FEMA, in coordination with the Federal Communications Commission, will conduct a nationwide test of the Emergency Alert System (EAS) and Wireless Emergency Alerts (WEA) this fall. The national test will consist of two portions, testing WEA and EAS capabilities. Both tests are scheduled to begin at approximately 2:20 p.m. ET on Wednesday, October 4, 2023.

 

 

FEMA and FCC Plan Nationwide Emergency Alert Test Sending Messages to all TVs, Radios and Cell Phones | Wednesday, October 4, 2023

 

 

FEMA, in coordination with the Federal Communications Commission, will conduct a nationwide test of the Emergency Alert System (EAS) and Wireless Emergency Alerts (WEA) this fall. The national test will consist of two portions, testing WEA and EAS capabilities. Both tests are scheduled to begin at approximately 2:20 p.m. ET on Wednesday, October 4, 2023.

 

 

On Wednesday, Oct. 4 at 2:20 p.m. EDT, every TV, radio and cellphone in the United States should blare out the distinctive, jarring electronic warning tone of an emergency alert.

It's a test – only a test.

Officially, the trial is called the Nationwide Emergency Alert Test.

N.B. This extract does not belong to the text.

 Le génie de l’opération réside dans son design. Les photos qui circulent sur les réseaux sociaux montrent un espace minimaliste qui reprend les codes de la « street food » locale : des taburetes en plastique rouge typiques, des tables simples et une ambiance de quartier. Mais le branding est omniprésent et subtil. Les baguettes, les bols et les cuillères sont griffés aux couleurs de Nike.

You know it's a test and not an actual emergency because it's accompanied by an explanation of the test.

 

What is the emergency alert test? How does it work?

The national test consists of two parts, which occur in conjunction with one another, in order to test the Emergency Alert System and the Wireless Emergency Alerts, according to FEMA.

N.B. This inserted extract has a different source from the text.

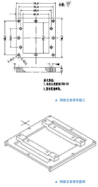 為保證網(wǎng)板支架和鋼模板安裝定位,使用連接固定螺釘(Screw),保證其安裝連接的穩(wěn)定和通用性,對安裝連接螺釘、網(wǎng)板支架連接孔、網(wǎng)板連接孔的尺寸要求比較特殊。經(jīng)過分析和實際使用,可以采用M4的公制螺釘和螺紋孔;或者采用5/32的美制螺釘和螺紋孔,以上兩種尺寸和公英制基本上可以通用。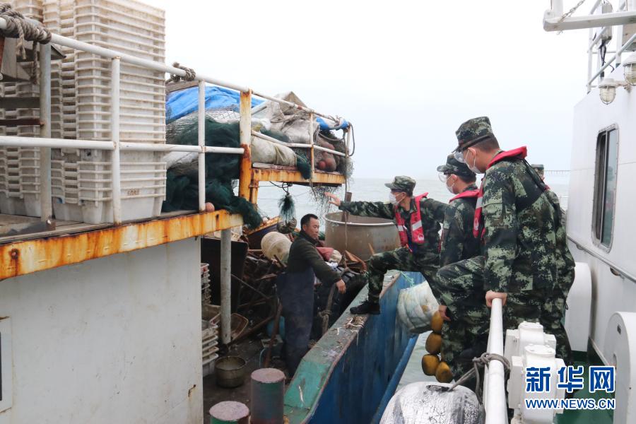 海警執(zhí)法員登船檢查(5月8日攝)。新華社發(fā)(江壯志 攝)

The WEA will be directed to all cellphones, while the EAS will notify all radio and television broadcasters, cable systems, satellite radio and television providers and wireline video providers.

 

What will the emergency alert test message say?

All across the United States, broadcast TV shows and radio will be interrupted as the emergency message goes out. That message will say:

“This is a nationwide test of the Emergency Alert System, issued by the Federal Emergency Management Agency, covering the United States from 14:20 to 14:50 hours ET. This is only a test. No action is required by the public."

Cellphones will get the warning as a tone, a vibration and as a text message:

“THIS IS A TEST of the National Wireless Emergency Alert System. No action is needed.”

 

The only ways to avoid your phone ringing from FEMA's alert if you're not in the middle of a call is to power it off or switch it into airplane mode before the alert rolls out. Switching your phone to silent mode will not stop you from receiving the alert.

If you're in class, a meeting, or another space you don't want to disrupt, you should switch it off from at least 2 p.m. ET to 3 p.m. ET. Otherwise, it will ring with FEMA's alert.